That being said, let me bring in my co-host, my homie, my dawg. He is the man of the mau-mau hour, journalist writer for Newsweek. He is the Pascal Robert [applause].

Pascal Robert: Peace and greetings to the audience, peace and greetings to The Real News Network, peace and greetings Jason Miles.

Jason Myles:        What’s up man? You know what? I wore a tie for the occasion, and it is the only tie that I have.

Pascal Robert:    It’s okay. I can’t see it because your microphone is covering it.

Jason Myles:       Damn it. I spent all that time making sure that this was tied perfectly and you can’t even see it. Well, at some point during the show – You won’t notice it because I can take myself off screen – I’m going to make that microphone adjustment so you guys can see the work that went into not just the tie, but fitting into the shirt.

Pascal Robert:  Good to know.

Jason Myles:            We have a very good guest today that we’re talking to.

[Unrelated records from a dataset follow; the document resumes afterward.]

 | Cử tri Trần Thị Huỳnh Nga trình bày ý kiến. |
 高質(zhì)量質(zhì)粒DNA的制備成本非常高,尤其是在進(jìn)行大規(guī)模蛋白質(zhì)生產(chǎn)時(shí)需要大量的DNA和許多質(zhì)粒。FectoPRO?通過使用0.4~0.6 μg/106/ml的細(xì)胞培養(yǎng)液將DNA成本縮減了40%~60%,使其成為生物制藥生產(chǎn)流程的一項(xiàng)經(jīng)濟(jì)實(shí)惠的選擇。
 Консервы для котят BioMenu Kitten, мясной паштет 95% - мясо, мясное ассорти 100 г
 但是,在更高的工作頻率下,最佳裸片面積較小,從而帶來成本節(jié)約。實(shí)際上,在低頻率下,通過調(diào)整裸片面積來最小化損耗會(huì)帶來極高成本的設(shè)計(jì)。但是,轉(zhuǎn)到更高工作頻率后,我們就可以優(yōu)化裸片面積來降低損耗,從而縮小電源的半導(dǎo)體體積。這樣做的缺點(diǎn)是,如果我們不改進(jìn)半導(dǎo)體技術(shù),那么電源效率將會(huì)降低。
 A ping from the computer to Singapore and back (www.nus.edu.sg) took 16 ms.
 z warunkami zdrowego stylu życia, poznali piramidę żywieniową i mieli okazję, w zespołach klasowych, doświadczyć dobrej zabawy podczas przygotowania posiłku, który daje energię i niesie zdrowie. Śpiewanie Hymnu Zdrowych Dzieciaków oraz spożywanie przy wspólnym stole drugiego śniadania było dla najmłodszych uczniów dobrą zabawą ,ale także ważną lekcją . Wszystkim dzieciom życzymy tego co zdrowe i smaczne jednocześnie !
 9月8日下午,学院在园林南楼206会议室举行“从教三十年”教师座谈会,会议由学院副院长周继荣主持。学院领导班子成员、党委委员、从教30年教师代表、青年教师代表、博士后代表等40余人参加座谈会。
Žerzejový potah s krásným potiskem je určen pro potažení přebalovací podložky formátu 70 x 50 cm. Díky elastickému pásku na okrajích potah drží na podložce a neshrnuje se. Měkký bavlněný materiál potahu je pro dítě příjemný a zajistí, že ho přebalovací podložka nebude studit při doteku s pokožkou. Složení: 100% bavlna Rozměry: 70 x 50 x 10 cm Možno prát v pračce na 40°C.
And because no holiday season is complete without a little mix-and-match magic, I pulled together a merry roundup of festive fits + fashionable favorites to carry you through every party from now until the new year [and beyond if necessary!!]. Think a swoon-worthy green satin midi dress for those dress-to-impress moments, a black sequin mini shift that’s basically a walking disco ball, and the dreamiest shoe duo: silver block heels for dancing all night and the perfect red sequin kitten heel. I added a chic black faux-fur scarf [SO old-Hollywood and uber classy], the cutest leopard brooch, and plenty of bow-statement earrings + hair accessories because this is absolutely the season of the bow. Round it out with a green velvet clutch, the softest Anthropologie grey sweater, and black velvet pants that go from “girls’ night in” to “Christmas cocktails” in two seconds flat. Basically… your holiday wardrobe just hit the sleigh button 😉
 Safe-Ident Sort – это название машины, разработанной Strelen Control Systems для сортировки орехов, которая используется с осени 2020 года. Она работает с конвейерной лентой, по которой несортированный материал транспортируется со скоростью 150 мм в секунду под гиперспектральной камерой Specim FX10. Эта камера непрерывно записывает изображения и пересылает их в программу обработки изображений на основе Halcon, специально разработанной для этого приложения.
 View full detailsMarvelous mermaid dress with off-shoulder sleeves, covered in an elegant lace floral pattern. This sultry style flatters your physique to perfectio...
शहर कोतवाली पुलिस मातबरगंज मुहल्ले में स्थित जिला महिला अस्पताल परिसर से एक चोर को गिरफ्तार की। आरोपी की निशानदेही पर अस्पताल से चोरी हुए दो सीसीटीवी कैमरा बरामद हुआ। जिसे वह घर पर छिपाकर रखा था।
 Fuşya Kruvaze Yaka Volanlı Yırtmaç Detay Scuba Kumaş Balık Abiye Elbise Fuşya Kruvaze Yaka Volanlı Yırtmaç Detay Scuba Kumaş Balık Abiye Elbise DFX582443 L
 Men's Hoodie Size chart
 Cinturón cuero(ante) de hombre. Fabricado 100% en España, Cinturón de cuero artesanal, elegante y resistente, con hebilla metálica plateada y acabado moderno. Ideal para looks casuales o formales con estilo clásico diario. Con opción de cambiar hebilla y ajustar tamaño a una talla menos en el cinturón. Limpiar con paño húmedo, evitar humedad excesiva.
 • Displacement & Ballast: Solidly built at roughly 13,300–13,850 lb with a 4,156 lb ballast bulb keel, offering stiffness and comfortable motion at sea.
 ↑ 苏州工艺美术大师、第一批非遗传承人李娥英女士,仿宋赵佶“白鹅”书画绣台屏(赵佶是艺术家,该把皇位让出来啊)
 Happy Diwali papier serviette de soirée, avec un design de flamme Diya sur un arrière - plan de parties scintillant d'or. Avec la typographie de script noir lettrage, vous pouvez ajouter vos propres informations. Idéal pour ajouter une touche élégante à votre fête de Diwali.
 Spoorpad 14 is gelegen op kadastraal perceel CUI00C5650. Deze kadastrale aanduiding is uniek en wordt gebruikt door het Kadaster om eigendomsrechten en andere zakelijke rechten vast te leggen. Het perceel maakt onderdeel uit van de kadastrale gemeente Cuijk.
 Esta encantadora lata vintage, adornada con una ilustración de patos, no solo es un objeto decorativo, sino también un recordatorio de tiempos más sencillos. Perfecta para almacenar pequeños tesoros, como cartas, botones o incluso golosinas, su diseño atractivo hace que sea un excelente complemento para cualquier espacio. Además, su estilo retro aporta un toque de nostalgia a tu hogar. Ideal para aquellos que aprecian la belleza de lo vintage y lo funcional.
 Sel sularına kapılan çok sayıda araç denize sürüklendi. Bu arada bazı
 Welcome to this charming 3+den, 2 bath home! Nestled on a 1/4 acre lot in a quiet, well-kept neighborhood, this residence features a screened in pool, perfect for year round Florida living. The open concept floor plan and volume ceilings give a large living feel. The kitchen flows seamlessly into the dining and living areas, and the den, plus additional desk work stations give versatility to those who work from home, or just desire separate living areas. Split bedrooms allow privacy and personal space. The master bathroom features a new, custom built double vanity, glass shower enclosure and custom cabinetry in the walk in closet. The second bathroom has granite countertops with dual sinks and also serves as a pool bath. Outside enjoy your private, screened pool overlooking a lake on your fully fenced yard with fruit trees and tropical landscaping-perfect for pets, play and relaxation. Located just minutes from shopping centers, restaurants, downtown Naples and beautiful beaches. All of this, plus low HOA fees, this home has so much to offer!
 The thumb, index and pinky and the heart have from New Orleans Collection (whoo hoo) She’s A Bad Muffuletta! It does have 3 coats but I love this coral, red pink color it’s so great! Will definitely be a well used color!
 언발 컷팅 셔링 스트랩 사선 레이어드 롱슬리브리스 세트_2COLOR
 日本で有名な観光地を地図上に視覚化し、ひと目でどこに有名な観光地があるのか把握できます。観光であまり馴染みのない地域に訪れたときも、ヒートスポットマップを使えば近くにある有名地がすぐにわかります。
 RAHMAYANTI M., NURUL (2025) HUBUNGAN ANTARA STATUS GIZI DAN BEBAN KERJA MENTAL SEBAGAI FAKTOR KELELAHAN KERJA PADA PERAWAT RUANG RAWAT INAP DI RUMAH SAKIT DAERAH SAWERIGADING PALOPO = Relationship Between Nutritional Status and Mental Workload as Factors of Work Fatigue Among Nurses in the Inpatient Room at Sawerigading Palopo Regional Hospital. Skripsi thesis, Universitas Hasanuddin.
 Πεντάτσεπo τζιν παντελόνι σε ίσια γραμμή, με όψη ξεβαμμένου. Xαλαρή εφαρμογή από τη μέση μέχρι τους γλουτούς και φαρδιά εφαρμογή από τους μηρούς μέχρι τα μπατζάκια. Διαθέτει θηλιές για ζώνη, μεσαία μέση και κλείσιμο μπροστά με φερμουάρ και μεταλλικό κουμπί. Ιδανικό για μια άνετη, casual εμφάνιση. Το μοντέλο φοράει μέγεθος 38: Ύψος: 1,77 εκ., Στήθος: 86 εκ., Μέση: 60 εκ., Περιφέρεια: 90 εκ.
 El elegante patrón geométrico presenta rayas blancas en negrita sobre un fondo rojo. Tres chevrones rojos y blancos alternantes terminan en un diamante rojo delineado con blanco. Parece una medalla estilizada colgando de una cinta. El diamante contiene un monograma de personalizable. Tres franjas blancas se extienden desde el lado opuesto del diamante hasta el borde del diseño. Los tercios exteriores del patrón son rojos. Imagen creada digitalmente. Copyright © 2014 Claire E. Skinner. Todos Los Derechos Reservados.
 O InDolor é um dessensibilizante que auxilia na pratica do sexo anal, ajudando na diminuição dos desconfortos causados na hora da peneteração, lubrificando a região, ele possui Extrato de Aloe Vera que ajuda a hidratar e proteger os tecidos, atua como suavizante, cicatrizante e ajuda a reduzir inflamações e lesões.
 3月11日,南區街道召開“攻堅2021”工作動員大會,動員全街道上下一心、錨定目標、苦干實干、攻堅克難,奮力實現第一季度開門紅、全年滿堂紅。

We hit you guys first with Adolph Reed, then we came back with Chris Hedges. Then we had the Yanis Varoufakis show, and today who do we have, Pascal?

Pascal Robert:    We have Professor Joy James [applause].

Jason Myles:   Yes, we do. In the ’80s, the creation of the Black welfare queen was used as a scare tactic, a tool to gut public goods programs that benefited the poor and working class. Bill Clinton, who was sold to the American people as a savior from 12 years of neoliberal rule in the form of Ronald Reagan and George Bush, Clinton doubled down on the right’s assault against public goods governance with the omnibus crime bill in ’94 and poverty increasing welfare reform in 1996. What we call here at THIS IS REVOLUTION the 50-plus-year counterrevolution against the New Deal and the Great Society programs.

How have we gone from the racist images of single mothers of color living fat off the system to Black girl magic and a growing Black bourgeoisie? Has the Nixonian ideal of Black capitalism finally replaced underclass ideology as a tool of containment for the ruling class? We’re going to discuss this with Dr. Joy James. Dr. James is a renowned scholar of American political philosophy. Her work analyzes the way race, gender, and class are rendered in American society. Today, in the face of the current Supreme court nomination of Judge Ketanji Brown Jackson, who was appointed by an administration holding the first Black US vice president Kamala Harris, who will discuss race, gender, and class in the current American context. Please welcome Dr. Joy James [applause].

Joy James:       I received applause twice. So thank you for that [Jason laughs]. That rarely happens, like once is rare. And maybe there’s a metaphor here in terms of what we’re talking about in terms of the rise of Black women through empire. You have the 1980s with Ronald Reagan. The two-term president who would have… I’m sorry. I wasn’t prepared for all this. But I was thinking the two terms of Ronald Reagan come after two terms of Richard Nixon who has incredible racial animus against Black people as well. So Nixon is, what, ’68 is the election, ’72, should have been ’76, but there’s the impeachment. You have four years of Jimmy Carter who comes from the South, and it looks like the same with Bill Clinton. Like I’m used to being around Black people so I know how to talk to them and deal with them, et cetera, et cetera.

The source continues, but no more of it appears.